Control was the master deceiver in the film.

Control knew (through secret reports from Mundt) that Fiedler, Mundt's subordinate, suspected that British Intelligence had planted a mole (double agent, undercover spy) somewhere in East German Intelligence. Mundt had warned Control that Fiedler suspected Mundt was the mole. This is the backstory, what has happened before the movie begins, we are led to infer.

Control, knowing that Mundt is under suspicion, and assuming that if a talented agent works on that suspicionn diligently enough Mundt will be revealed, decides that the only way to save Mundt is to rehabilitate him. And the only way to do that is to create a double-sprung trap where one of his agents will "defect" and provide evidence - seemingly reluctantly - that will fully implicate and "prove" Mundt to be a spy. Control believes that the ambitious Fiedler will leap at the opportunity to confirm his (well founded) suspicions. Control does something extraordinarily daring - he induces Leamas to fake a defection, so as to implicate Mundt -- but only so that, behind Leamas's back, he can give Mundt the ammunition necessary to discredit Fiedler's effort to implicate Mundt. In a master stroke of deception, Control rehabilitates his top agent in East Germany (Mundt) while discrediting the growing threat to Mundt (Fiedler.)

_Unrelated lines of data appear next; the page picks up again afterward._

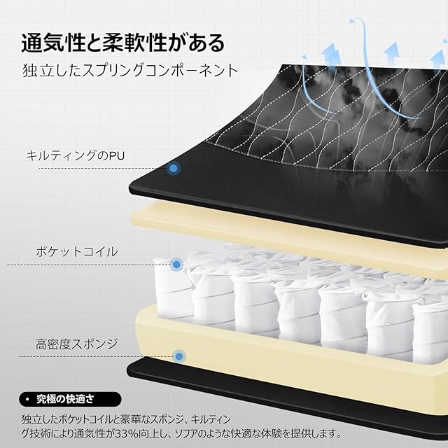 【芯材:ポケットコイルと高品質な非再生ウレタンの採用】先進のポケットコイルと高品質の非再生ウレタン技術を採用しており、ダブルの座り心地をご提供いたします。ポケットコイルは正確なサポートを提供し、非再生ウレタンはエコな素材で、安心感を提供します。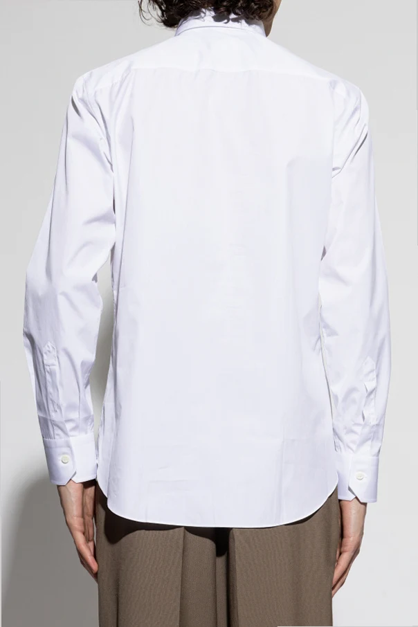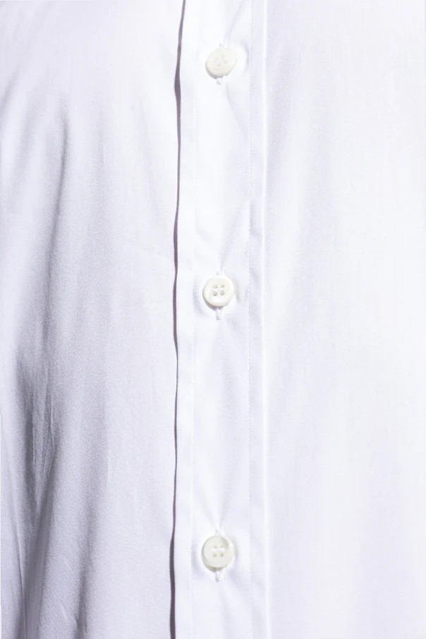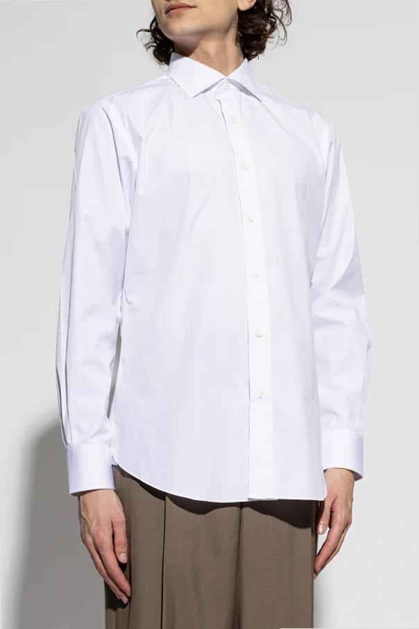 Es zeichnet sich durch eine einheitliche, schneeweiße Farbe sowie ein schlichtes Design ohne Verzierungen aus. Die langen Ärmel enden in breiten Manschetten und der sorgfältig gearbeitete Kragen vervollständigt das harmonische Gesamtbild. Eine Reihe klassischer weißer Knöpfe unterstreicht den exquisiten Charakter des Hemdes.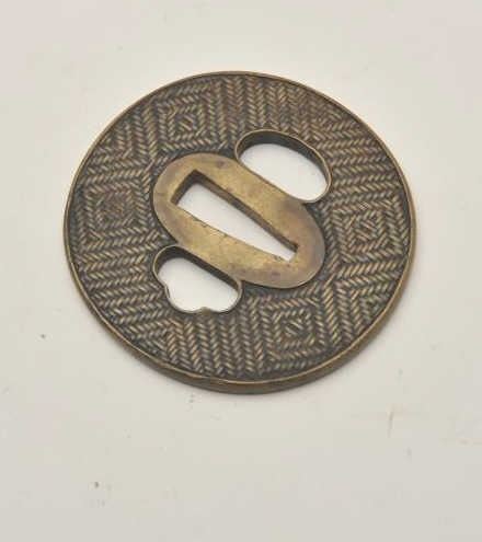 Lot 1066 EVE-420 BASKET WEAVE DESIGN TSUBABasket weave design cast brass tsuba for wakasashi (Japan). Hand c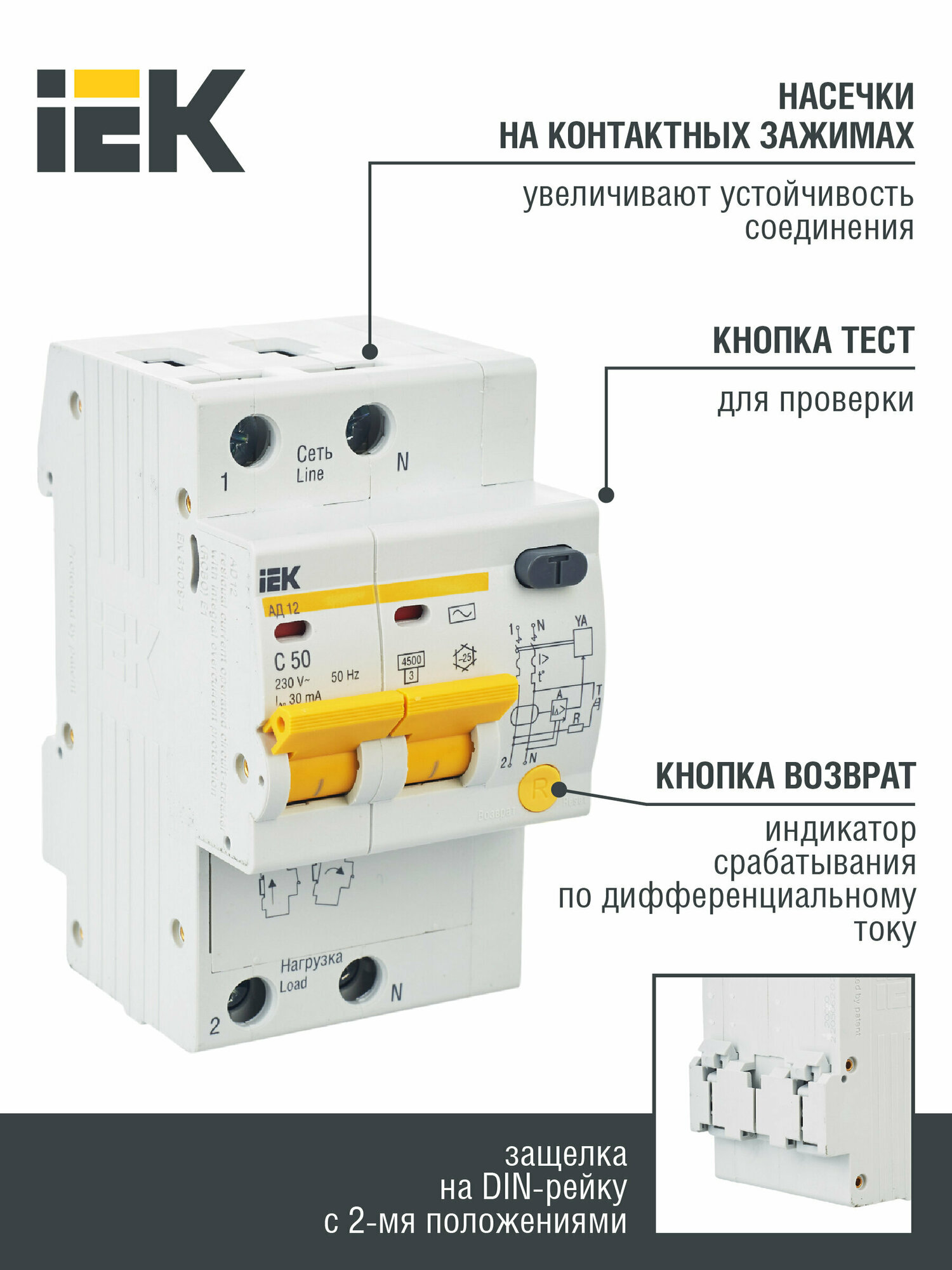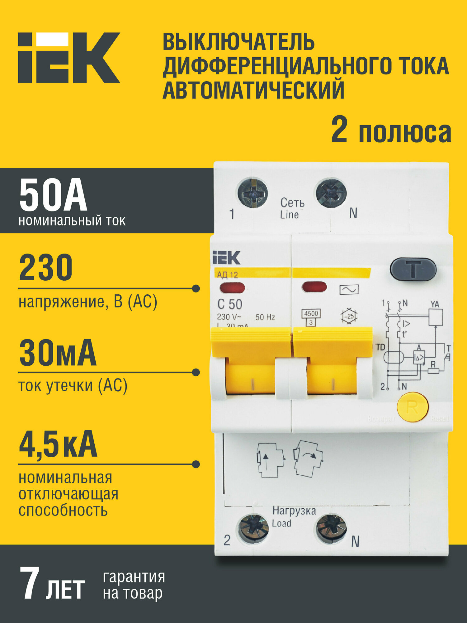 Дифференциальный автоматический выключатель АД12 2Р 50А 30мА IEK

At the trial, when Mundt's lawyer first makes the argument that Fiedler has fallen into a trap set by Control, he describes Control's plan as one of "inhuman subtlety." Turns out the lawyer only knew the half of it. Fiedler fell into Control's trap, but so did the East German court, and EG Intelligence.

So in the end, it was Control who ultimately betrayed Leamas. Leamas, no less than Fiedler, and Leamas's girlfriend, had to be sacrificed to keep Mundt viable as a source deep within the East German agency.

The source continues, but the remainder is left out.